Our Two Cents: What we’d say to automakers, if we could time-travel

Bradley E. Clift for The Washington Post/Getty Images

I was introduced to the butterfly effect by Ray Bradbury’s book A Sound of Thunder, and it forever altered the way I considered historical moments. Or any moment in time, as the butterfly effect could make a serious impact on our lives as automotive enthusiasts, too. What if Henry Ford never bullied his son Edsel? What if Porsche killed the 911 when they introduced the 928? In this episode of Our Two Cents, I asked the staff here at Hagerty Media to consider such scenarios.

There are lot of these butterfly effects in automotive history, and one of the more forgettable examples is the time Infiniti made the Mercedes GLA into a QX30 crossover utility. Will someone on our team warn Infiniti not to make this Mercedes? Or will they warn Mercedes not to make this Infiniti? Probably not, so let’s see what they come up with.
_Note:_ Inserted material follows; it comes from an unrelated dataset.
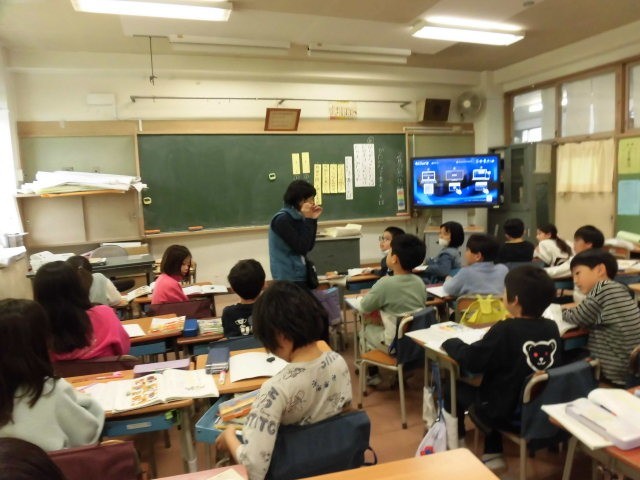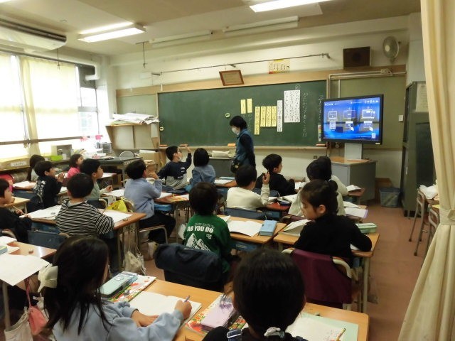 「□ー□」「□ー□ー」に当てはまるカタカナの言葉をみんなで探しています。子どもたちは教室を見渡したり、道具箱の中を見たりしています。「見つけた!」嬉しそうに声をあげる人もいます。沖縄に旅行に行った時のことを思い出して言葉を探した人もいました。すると、先生が「シーだよ。」と、口に指をあて静かにと言うように、ヒントを出していました。それに気付いた人もいました。楽しく学習をしている2年生です。

Killing street cars/mass transit?

Streetcar-Junkyard-Piled-High
ucla.edu/Los Angeles Times Photographic Collection

For the record, this is a terribly complex issue and the automakers were only one part of the equation. But that doesn’t take away from the following message:

Dear automakers,

Please go back in time and don’t buy all the public transportation companies in our big cities (buses, trollies, trains, etc.). And then definitely don’t intentionally make them awful so people were forced to buy cars!

Ben Woodworth

That wretched diesel!

Oldsmobile

Dear GM,

Do not, under any circumstances, make a diesel engine based on a gas engine.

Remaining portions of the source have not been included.